- Theatrical release poster
- Directed by: Dominique Deruddere
- Story by: Stijn Coninx Urbanus Walter van den Broeck
- Produced by: Alain Keytsman
- Starring: Josse De Pauw Michael Pas Geert Hunaerts
- Cinematography: Willy Stassen
- Edited by: Ludo Troch
- Music by: Raymond van het Groenewoud
- Production company: Multimedia
- Distributed by: Independent Films Benelux
- Release date: 12 November 1987;
- Running time: 84 minutes
- Country: Belgium
- Language: Dutch

= Crazy Love (1987 film) =

1987 Belgian film by Dominique Deruddere

Crazy Love (French title L'Amour est un chien de l'enfer, alternative English title Love is a Dog from Hell) is a 1987 Belgian drama film directed by Dominique Deruddere. It is based on various writings by author and poet Charles Bukowski, in particular The Copulating Mermaid of Venice, California, which contains necrophilia.

It was the first Flemish-Belgian film to receive a theatrical release in North America.

==Plot==
The film follows Harry Voss during three important days of his life. The first is as a 12-year-old boy; the second on the day of his high school graduation, aged 19; and the third as a lonely 33-year-old man.

The phases of his life show the destruction of hope and innocence and his descent into cynicism, alcoholism and hopelessness. Idealizing romantic love with a beautiful girl in his childhood, he is bitterly disappointed when the real world does not match the idealized images of love in his own imaginings. He then discovers as a teenager his peers consider him an outcast due to his chronic and physically disfiguring cystic acne, which covers his face, chest, shoulders and back in weeping pus-filled sores and repulses all who see him. He turns to alcohol to kill the pain and disappointment, losing all hope of finding true love, only to end up destitute, as an alcoholic in later adulthood. Only through a freak chance encounter late in his life is he transported back to his innocent memories of childhood and the idealized love of a beautiful girl that he craved in his youth. Finally fulfilled, he dies by wading out into the open ocean after finding his only "true" love – a "crazy love". The irony of the "hollowness" of this lost, idealized, love, and the tragic significance Harry places on this single event, sums up his lost life and finally makes him the hero of his own story.

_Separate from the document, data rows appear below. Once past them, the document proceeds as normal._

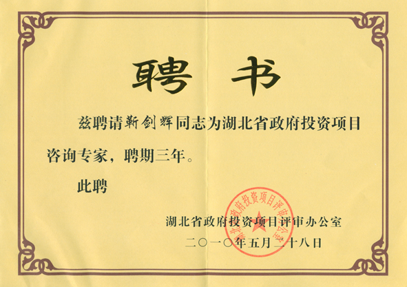 2010年6月17日,靳剑辉、刘勋涛、张曙东被聘为湖北省政府投资项目咨询专家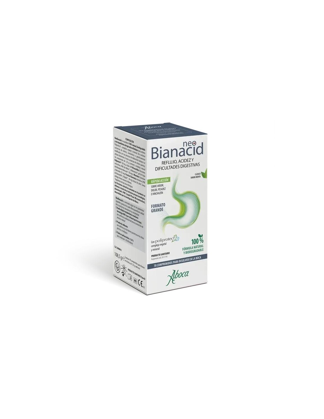ABOCANeoBianacid, acidez, reflujo gastroesofágico y dificultades digestivas y gastritis, 70 comprimidos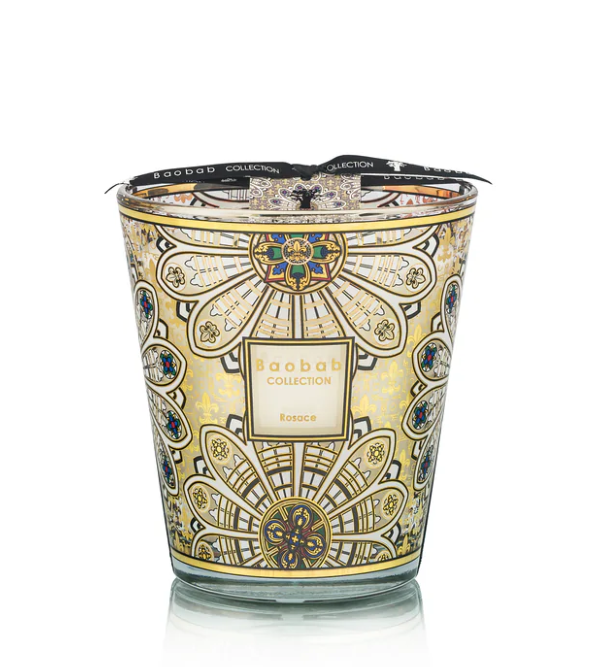 La bougie Rosace rend hommage à l’architecture gothique et à la lumière spirituelle des cathédrales. Son verre est recouvert d’une sérigraphie précieuse, où l’or et les couleurs subtiles dessinent des motifs inspirés des rosaces médiévales. Comme une dentelle lumineuse, ce décor raffiné se révèle sur un fond de fleurs de lys, emblème de noblesse et de pureté.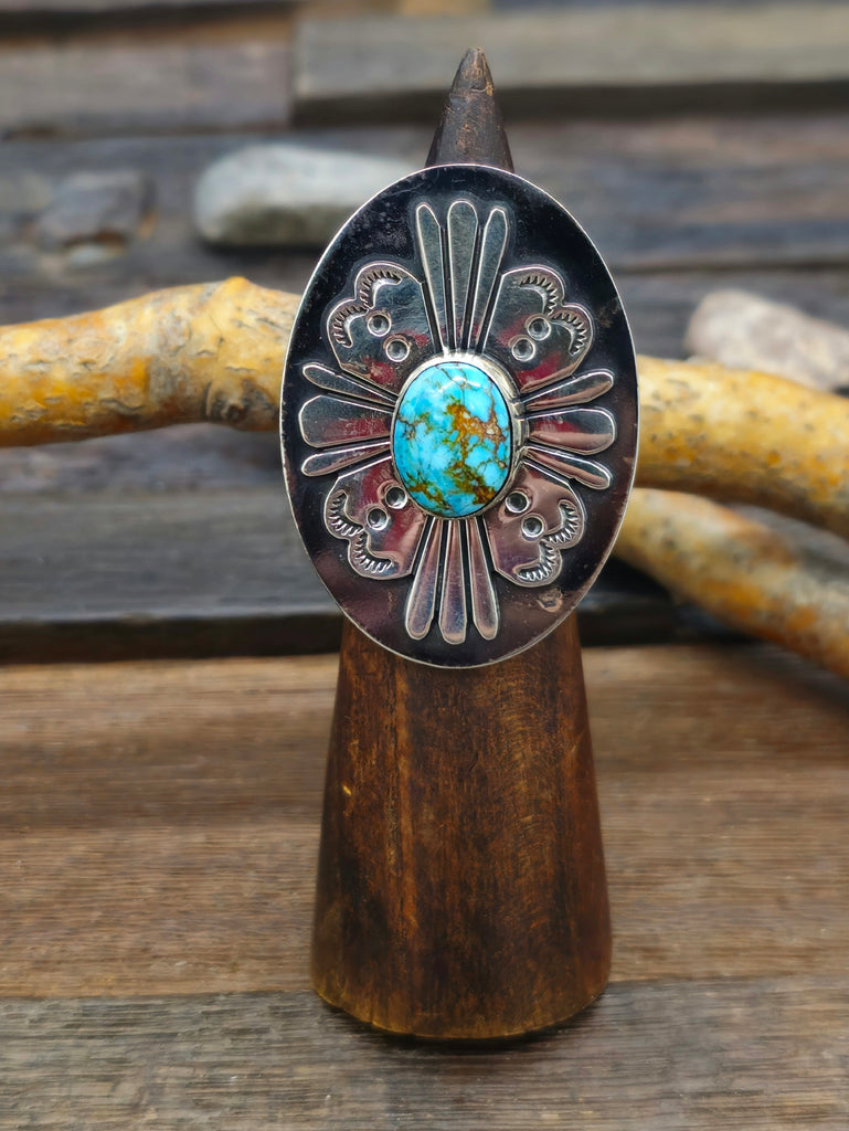 Sterling Silver Overlay and Turquoise Ring by Navajo silversmith Marila Benally. All jewelry is handcrafted by Indigenous Artists.  Dimensions: ...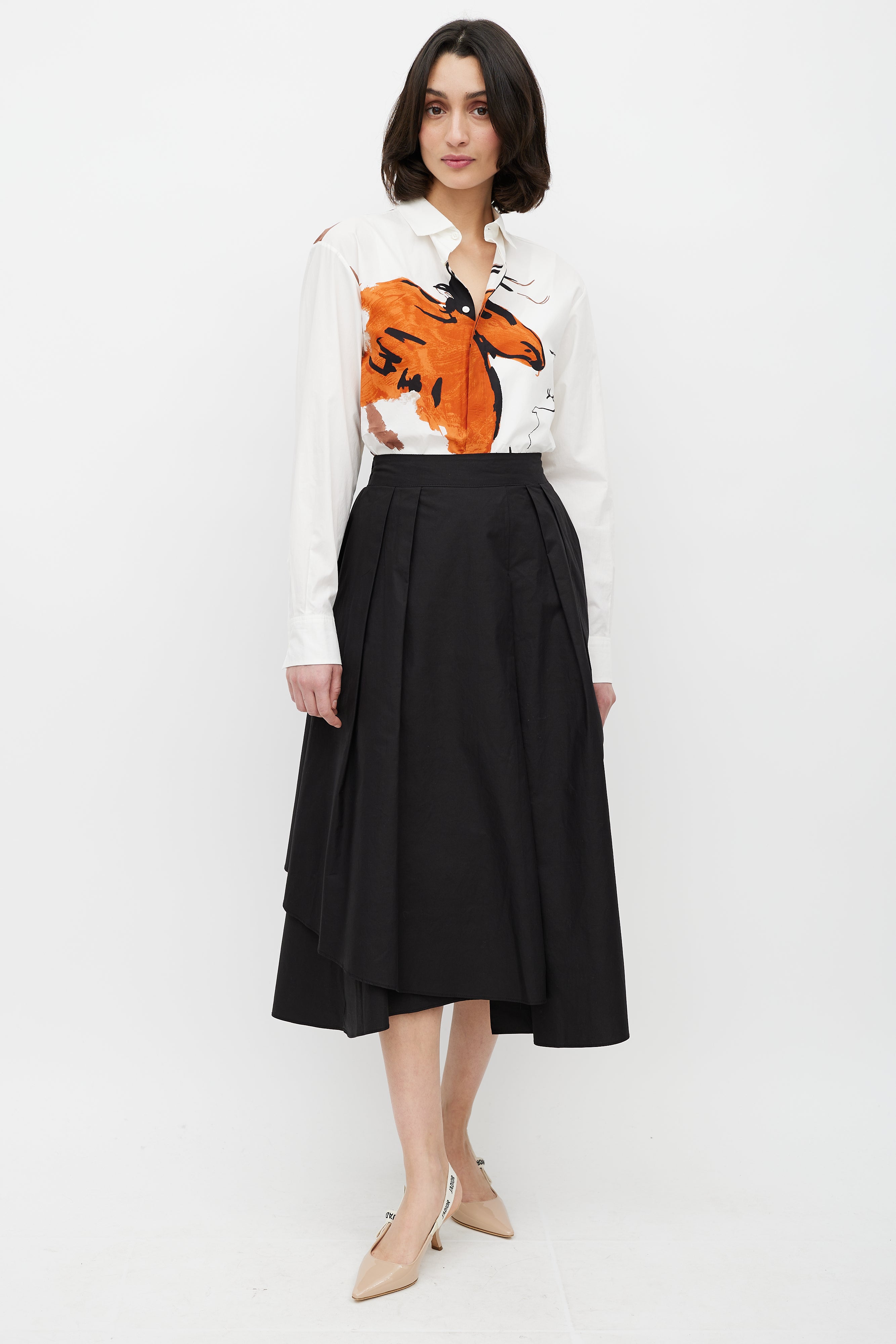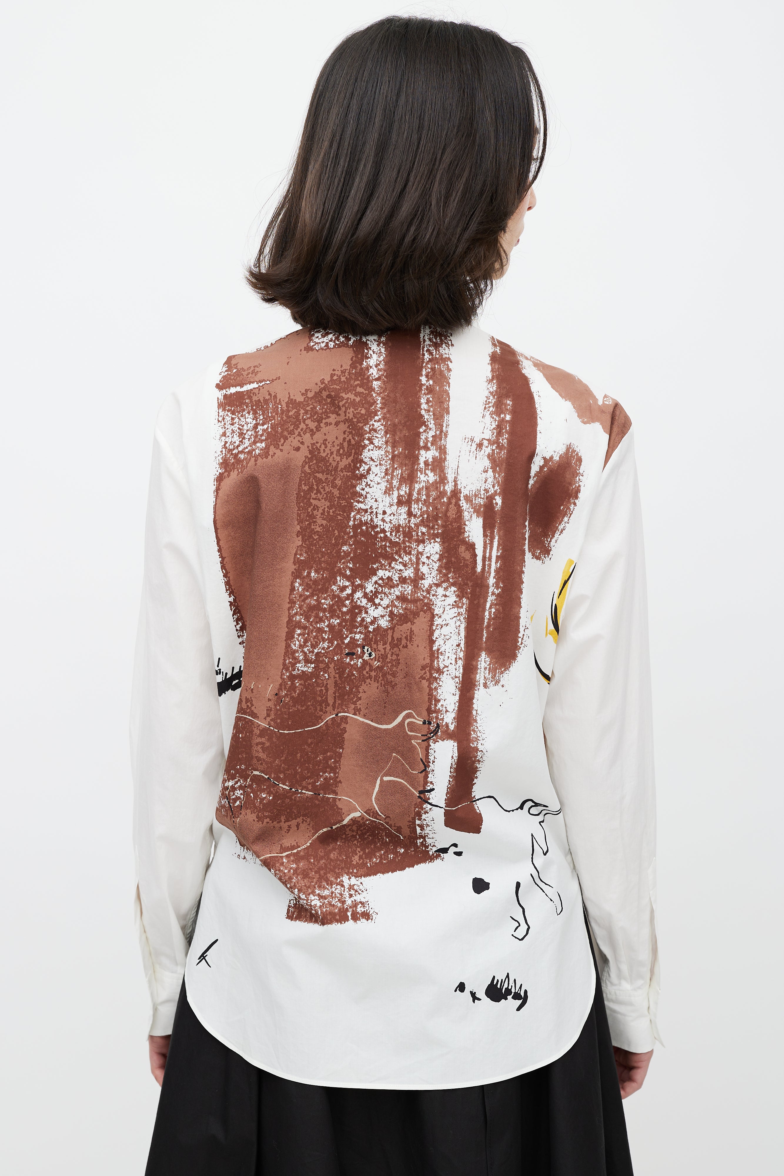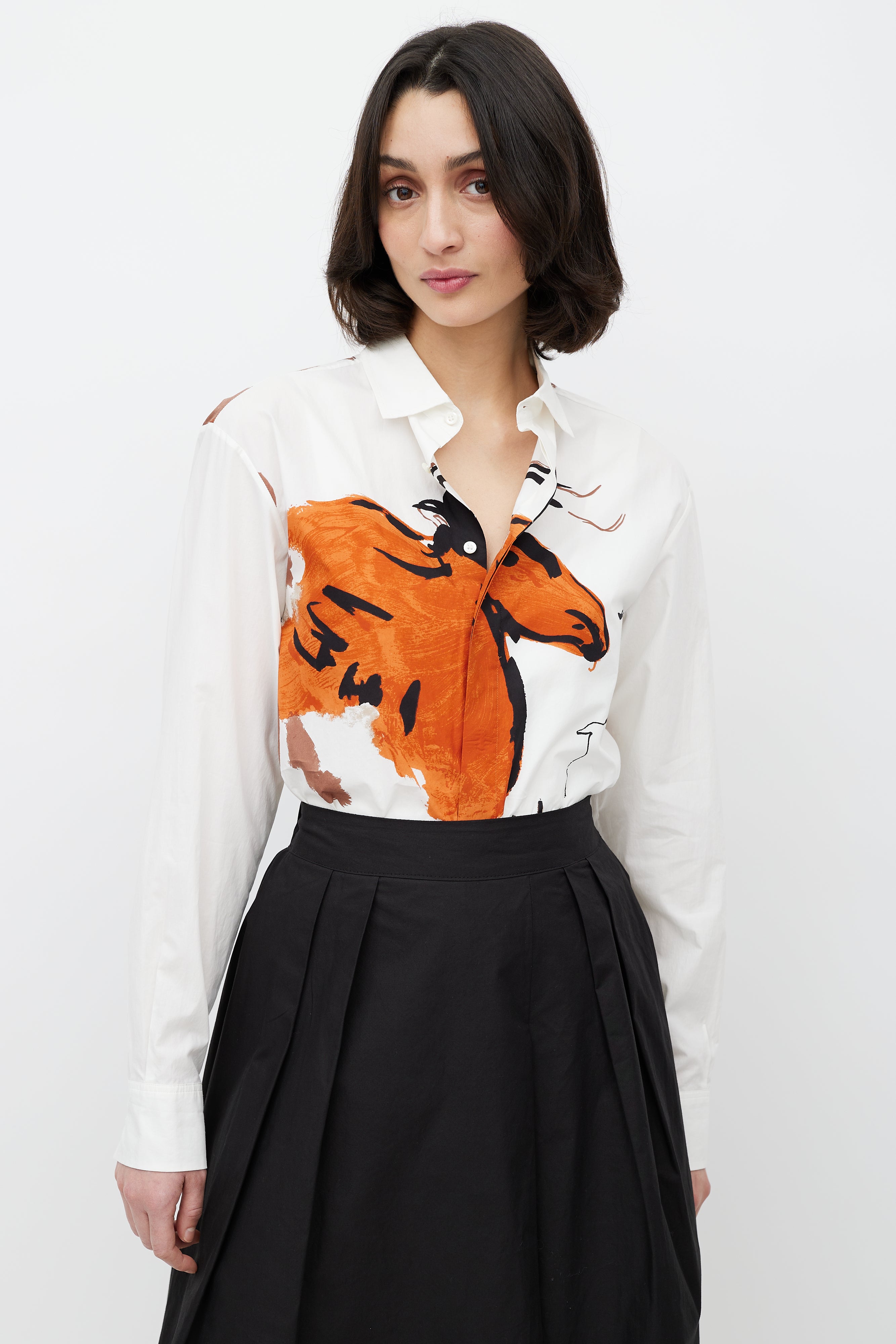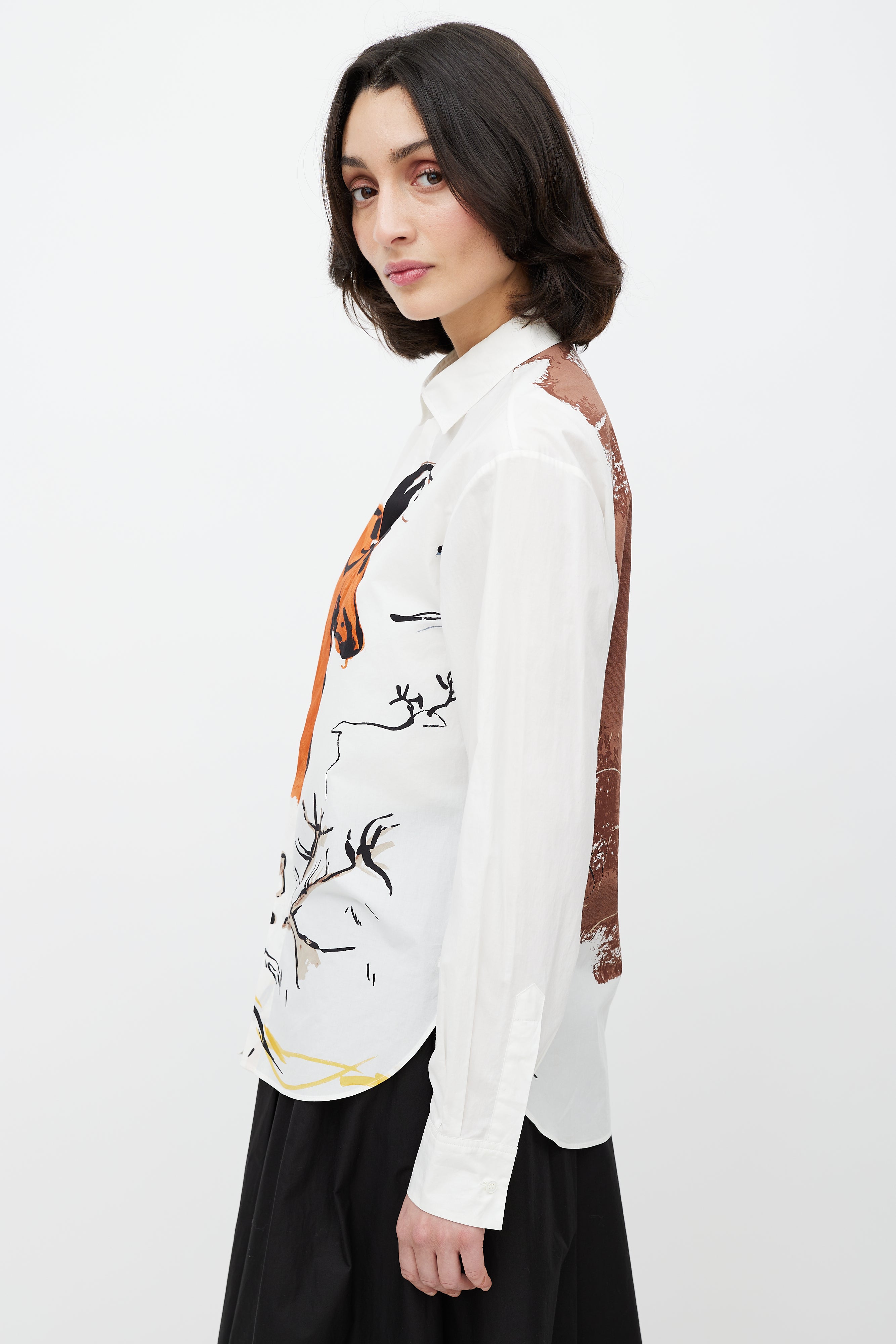 Pre-owned Christian Dior white shirt featuring a multicolour animal print throughout, pointed collar, long sleeves with buttoned cuffs, bee embroidery at left corner, and button up closure.

Each of the three phases filmed involves a sexual encounter with a "passive" female. In the first phase, the child is pushed into a sexual encounter with a friend's attractive mother whilst she is sleeping, drunk, in her bed at home. In the second, a girl lies passively in the back seat of a car, uninterested, whilst he attempts to have sex with her. She does it only as a favor to her boyfriend who is friends with Harry, but cannot carry through in the end and turns away in disgust at his appalling cystic acne. In the third, as an older alcoholic, he and his drunk friend stumble upon a fresh corpse and "steal" it as a joke, only for Harry to find that the dead – but still warm – girl resembles the girl of his childhood dreams.

The next morning his friend finds Harry has committed suicide by intentionally walking out to sea with the corpse in his arms, apparently committing suicide after consummating his final desire.

== Controversy ==
When it was first released, first time director Dominique Deruddere's film divided critics and audiences. Some reviewers noted the quality of the photography and set design and acting. Others focused on the unacceptable nature of the film's subject.

On its American release, the film was championed by Madonna, Sean Penn and Francis Ford Coppola. Ultimately it proved too controversial for mass acceptance, and never received wide recognition.

It is now considered by some to be one of the classic films of world cinema from the 1980s.